The effects of WB supplementation on inflammatory cytokines and sIgA concentrations in jejunal mucosa are presented in Table 5. On day 21, birds fed AGP and WB had lower (P < 0.05) IL-1β concentration and greater (P < 0.05) sIgA concentration in the jejunal mucosa than those fed CON. The TNF-α concentration in jejunal mucosa was reduced (P < 0.05) in WB than in CON, but was similar to AGP. There was no difference in the concentration of IL-6 among treatments.

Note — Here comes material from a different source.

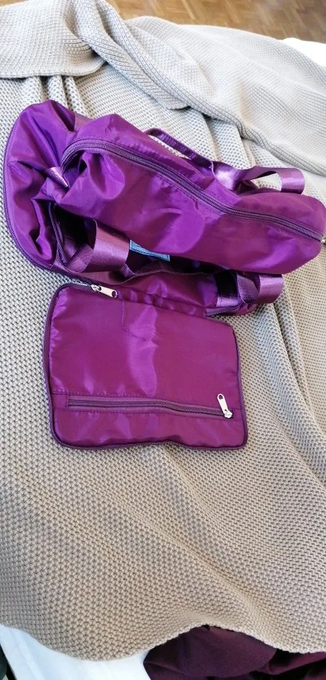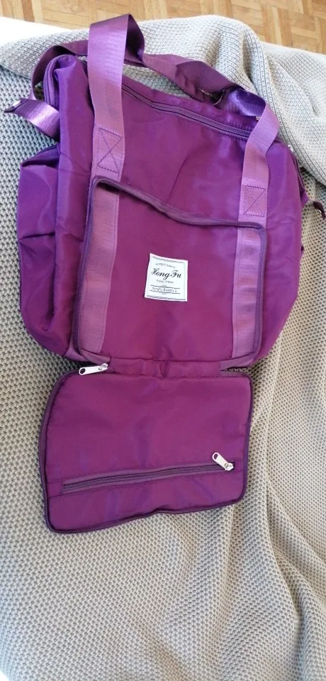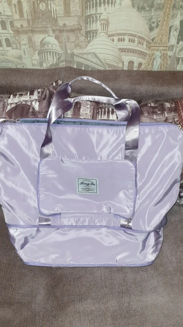 Me encanta. Color precioso, entre morado y burdeos. Tamaño perfecto como bolso auxiliar en viajes, tanto para llevar como bolso de mano en su ta,maño pequeño, como para llevarlo como bolso para equipaje extra en su tamaño grande (con la parte de abajo abierta y extendida).

On day 42, the TNF-α concentration in jejunal mucosa was decreased (P < 0.05) in WB compared with CON, but not different from AGP. Both AGP and WB supplementation increased (P < 0.05) the concentration of sIgA in jejunal mucosa compared with CON. The concentrations of IL-1β and IL-6 in jejunal mucosa did not vary significantly among the 3 treatments.

Table 5

Effects of wheat bran supplementation on the concentrations of inflammatory cytokines and sIgA in jejunal mucosa of broilers.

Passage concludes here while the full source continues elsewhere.